The next approach to varying system parameters is best shown in U.S. Pat. No. 3,906,209 to Kurahashi et al., in which the frequency of the sustain voltage is varied. When the frequency is lowered, the number of discharges will also be lowered, and the net amount of light apparent to the human eye is diminished. This approach, however, has a serious disadvantage in that the data rate of the system, in other words, the number of pictures that can be written and erased in a given period of time, is slowed to a point where data cannot be updated often enough to successfully implement a continuously operating system. Kurahashi recognized this, and decreased the sustain frequency of the system only between times when the panel was writing and erasing. However, this approach is unacceptable in a low light environment due to the fact that whenever a write or erase operation is undertaken, light generated will be at full intensity on the screen, possibly momentarily blinding operations of the system.
An offshoot of the frequency variation approach is shown in U.S. Pat. No. 4,149,111, to Coates, Jr. in which the system clock is interrupted in order to decrease the brightness of the display.
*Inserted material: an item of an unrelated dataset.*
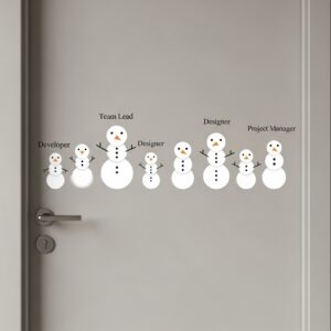 Create minimalist snowmen labeled with team member names or departments.

Unfortunately, this approach completely disrupts the data rate of the system, and is not compatible with a constant data rate brightness control.
The most successful approach to brightness control in the past involved the simple concept of turning on and off elements of the display to control the net brightness of the display over a period of time. An early implementation of this type is disclosed in U.S. Pat. No. 3,570,156 to Easton, in which he writes and erases the display panel over and over. This, of course, presents the obvious disadvantage of not utilizing the inherent memory capabilities of the AC plasma display panel, and requires a large external hardware system. A later approach is shown in U.S. Pat. No. 3,863,023 to Schmersal et al., in which the cells desired to be brightest are turned on first, then the more dim cells are turned on, and finally the dimmest cells are turned on, and then the entire picture is erased simultaneously so that the cells desired to be brightest are turned on for the longest period of time. This, like the Easton device, does not have a true inherent memory display, and would require a large external hardware memory as well as extensive circuitry to control the duration and ordering of cell firings.
A more recent device using the pulse timing concept is disclosed in U.S. Pat. No. 4,006,208 to Fowler et al., in which pulses of different lengths are used in a binary coding scheme to vary the intensity of light emitted from the panel. This device requires extremely complex circuitry, and is not capable of having the display updated as rapidly as would be desired, due to the fact that the use or 64 time slots is required to produce one picture element on the panel.